Мы радуемся прелести девушки или розы, если голова у нас не забита модными изысками; если же забита — мы увидим, что они похожи на картинку с коробки. Если мы думаем только о стихах, картинах и стилях, романтика для нас надуманна и старомодна. Если мы думаем о людях, мы знаем, что они — романтичны. Розы прекрасны и таинственны, хотя всем нам надоели стихи о них. Тот, кто это понимает, живет в мире фактов. Тот, кто думает только о безвкусице аляповатых стишков или обоев, живет в мире мнимостей.
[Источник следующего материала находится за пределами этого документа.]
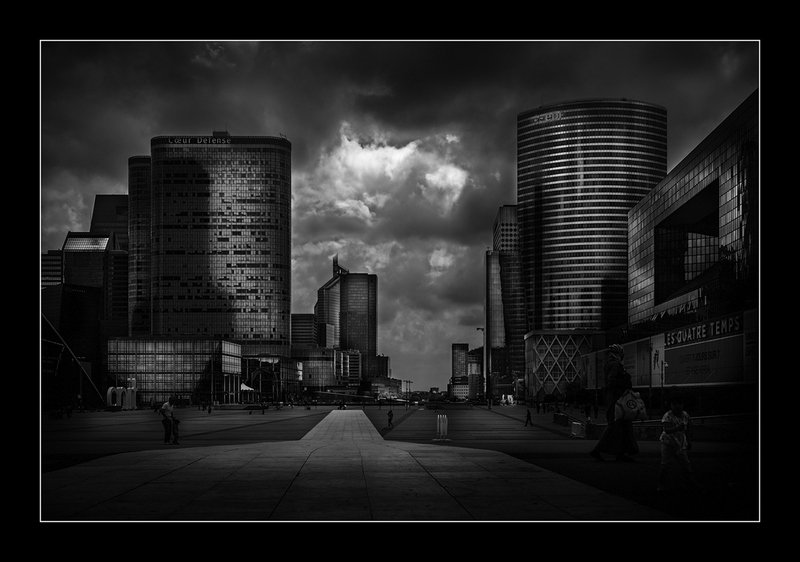 C'est en effet très dense et très dramatique, un tout petit peu trop sombre à droite là où on ne peut que deviner des personnages : il me semble que la femme qui marche pourrait faire le personnage principal de l'image, à défaut comme l'a remarqué G.tOf d'un passant bien détaché sur l'allée pavée au centre...

В этом мире и родился современный скептический протест. Его отцы, интеллектуалы, вечно толковали о книгах, пьесах, картинах, а не о живых людях. Они упорно тащили жизнь на сцену — но так и не увидели жизни на улице; клялись, что в их книгах реализма все больше, — но в их беседах его было все меньше. Они ставили опыты, беспокойно искали угол зрения, и это было очень полезно для дела, но никак не годилось для суждения о законах бытия. Когда они добирались до этики и философии, получался какой–то набор бессвязных, безумных картин. Художник всегда видит мир с определенной точки, в определенном свете, и порой этот свет внезапен, как молния. Но когда наши анархисты принялись освещать этими вспышками человеческую жизнь, получился не реализм, а просто–напросто бред. Определенный художник в определенных целях может писать розу черной, но пессимисты вывели из этого, что красная роза любви и бытия так черна, как ее малюют. Определенный поэт в определенных целях может назвать луну зеленой — и философ тот час же торжественно заявит, что луна кишит червями, как зеленый сыр.
Да, что–то есть в старом добром призыве «искусство для искусства». Правда, понять его надо чуть иначе: пусть люди искусства занимаются своим искусством. Каковы бы ни были законы человеческой жизни, вряд ли они меняются с каждой модой на рифмы или на брюки. Эти законы объективны, как чернозем или прилив, а вы не освободитесь от приливов и чернозема, объявив старомодными розу и луну.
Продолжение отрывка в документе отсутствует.